Leave the pictures out. Retype exactly the lines below from the one containing "1、打开柯达经典云相框应用登录页,在【用户】栏输入手机号或邮箱。" through the one containing "The Indian import/export", and no others.

*Information*
--- START ---

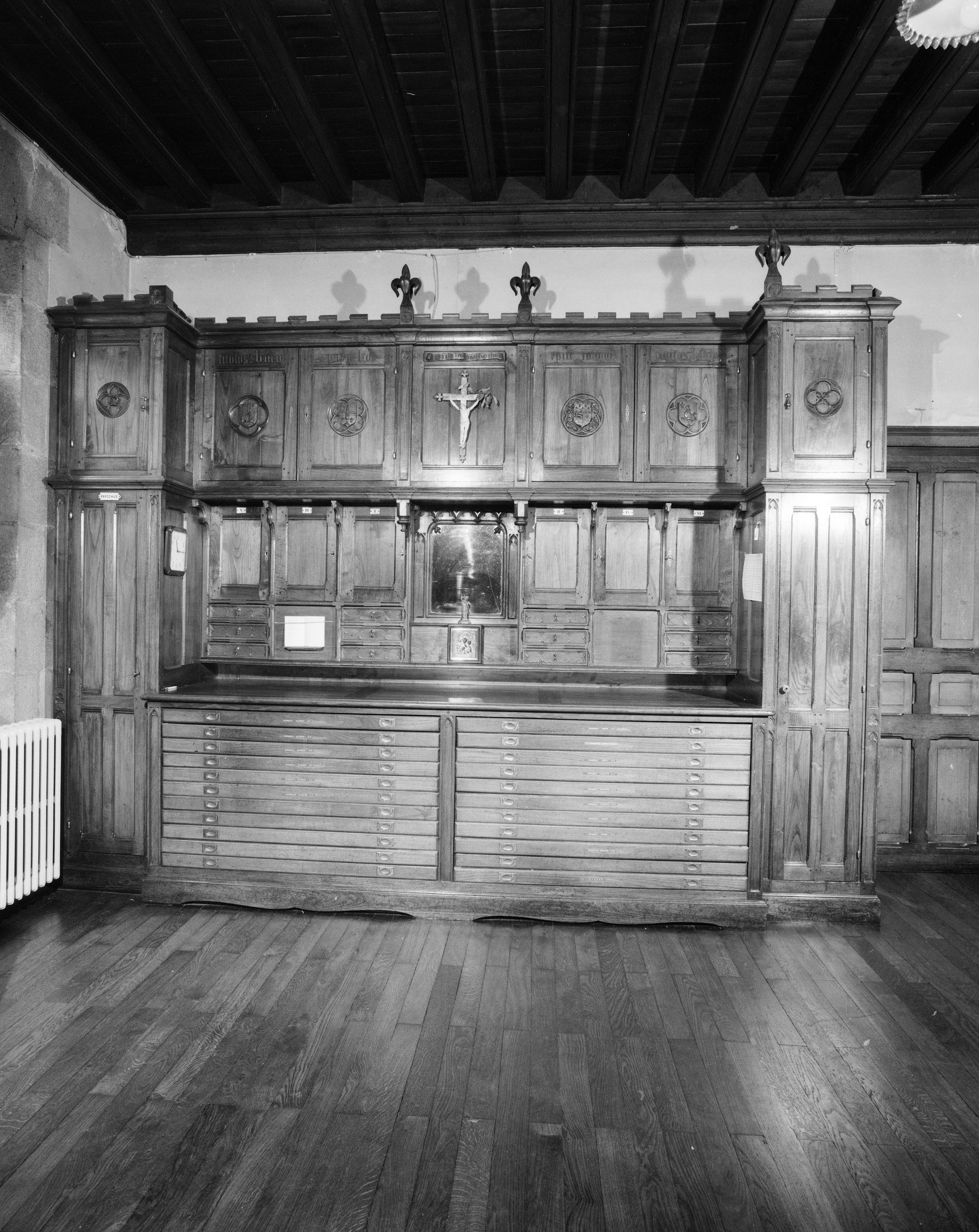 Ensemble de meubles de sacristie : 2 armoires, meuble de rangement pour objets liturgiques, tronc, bureau, armoire à archives, table, 2 placards, chasublier, basilique Notre-Dame-du-Roncier (Josselin),
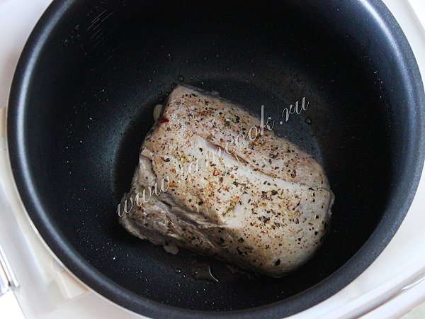Установите на мультиварке режим "жарка" или "выпечка" и в течении примерно десяти минут обжарьте кусок мяса со всех сторон - "запечатайте" его в корочку.
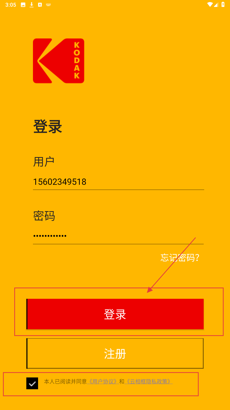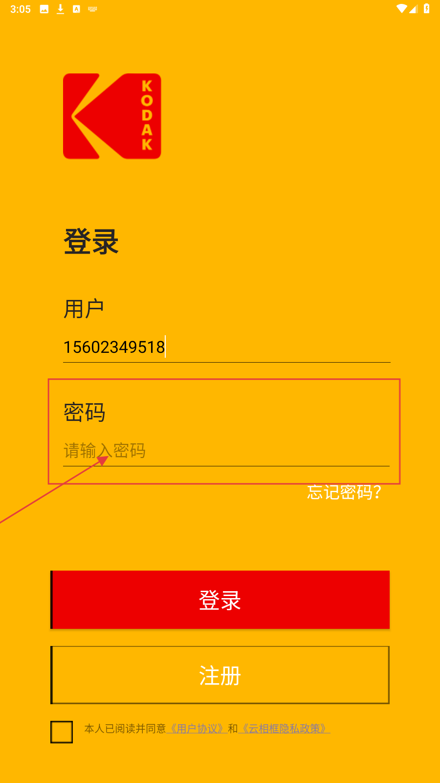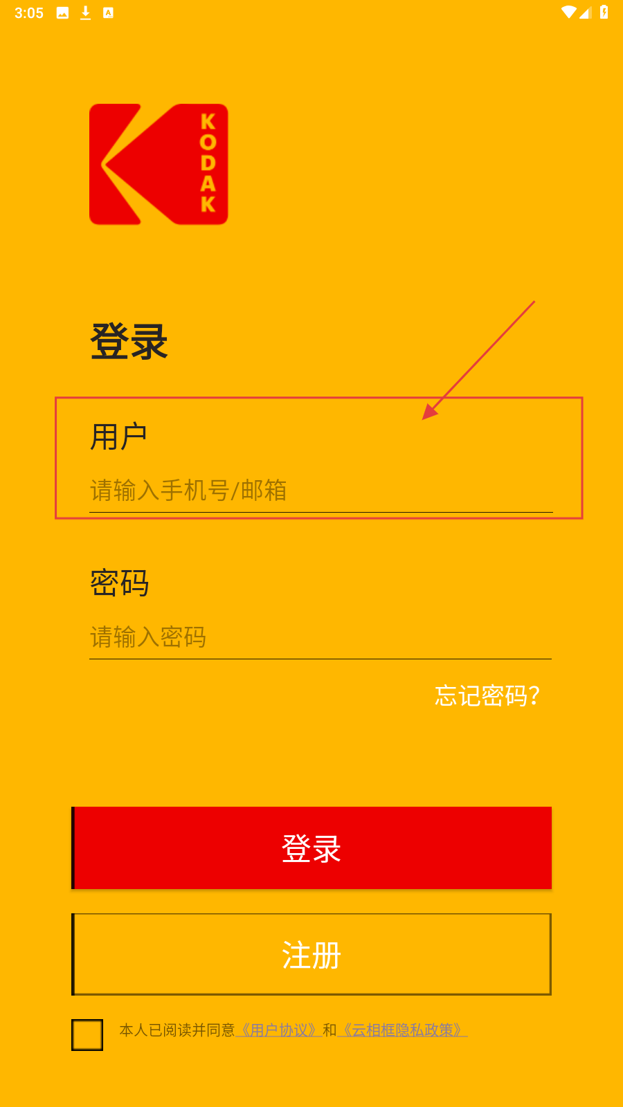 1、打开柯达经典云相框应用登录页,在【用户】栏输入手机号或邮箱。
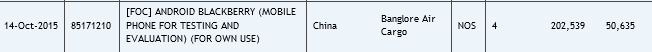 The Indian import/export data website Zauba has listed a new Android Blackberry smartphone in its database, which is without any doubt, the new Blackberry Priv and is imported to India from China. There are 4 units of Blackberry Priv imported to India on 14th of October with each unit priced at INR 50,635 (around $780) which looks cheaper from the UK price by nearly 8k-9k Rupees.
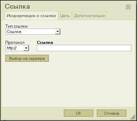 В открывшемся окошечке вставьте в строку под словом «Ссылка» скопированный ранее адрес и нажмите кнопку «ОК».
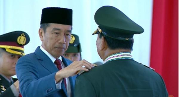 Setelah itu, Jokowi menyematkan lencana dan tanda bintang di bahu dan pundak Prabowo yang mengenakan seragam TNI lengkap.
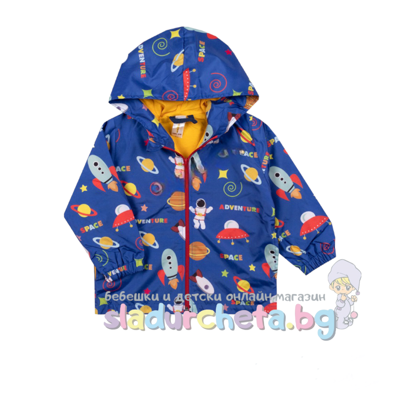Якето е с дълъг ръкав и качулка в щампиран десен на планети в синята гама;
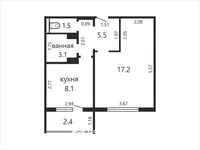 Surface habitable - 17,2 m2 Cuisine - 8,1 m2 - zone fonctionnelle et compétente Hauteur du plafond - 2,55 mLoggia glacé Appartement avec rénovation moderne, entièrement équipé et prêt pour une occupation rapide - format venir et vivre.
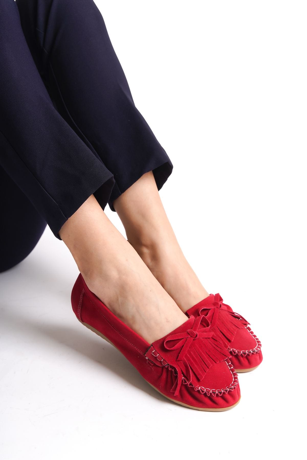 PS-100 Kırmızı Süet Püsküllü Günlük Kadın Babet
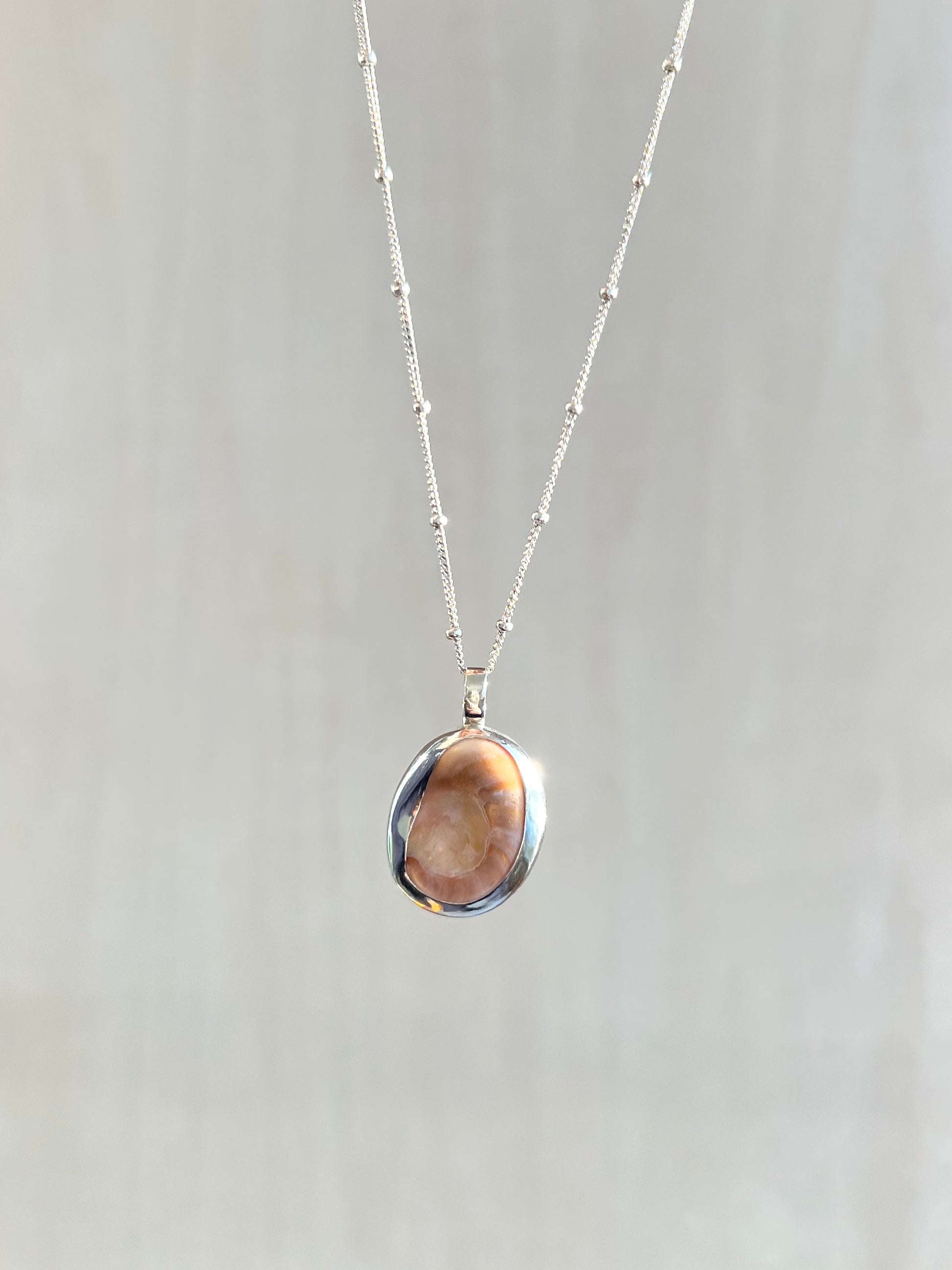 Das Shiva-Auge ist ein Fossil, und zwar das versteinerte Operculum einer Turbanschnecke. Mit viel Liebe habe ich dieses Fossil zu einem Anhänger mit offenem Rücken verarbeitet, damit es in voller Gänze zur Geltung kommen kann.

--- END ---

*Reply*
 1、打开柯达经典云相框应用登录页,在【用户】栏输入手机号或邮箱。
 The Indian import/export data website Zauba has listed a new Android Blackberry smartphone in its database, which is without any doubt, the new Blackberry Priv and is imported to India from China. There are 4 units of Blackberry Priv imported to India on 14th of October with each unit priced at INR 50,635 (around $780) which looks cheaper from the UK price by nearly 8k-9k Rupees.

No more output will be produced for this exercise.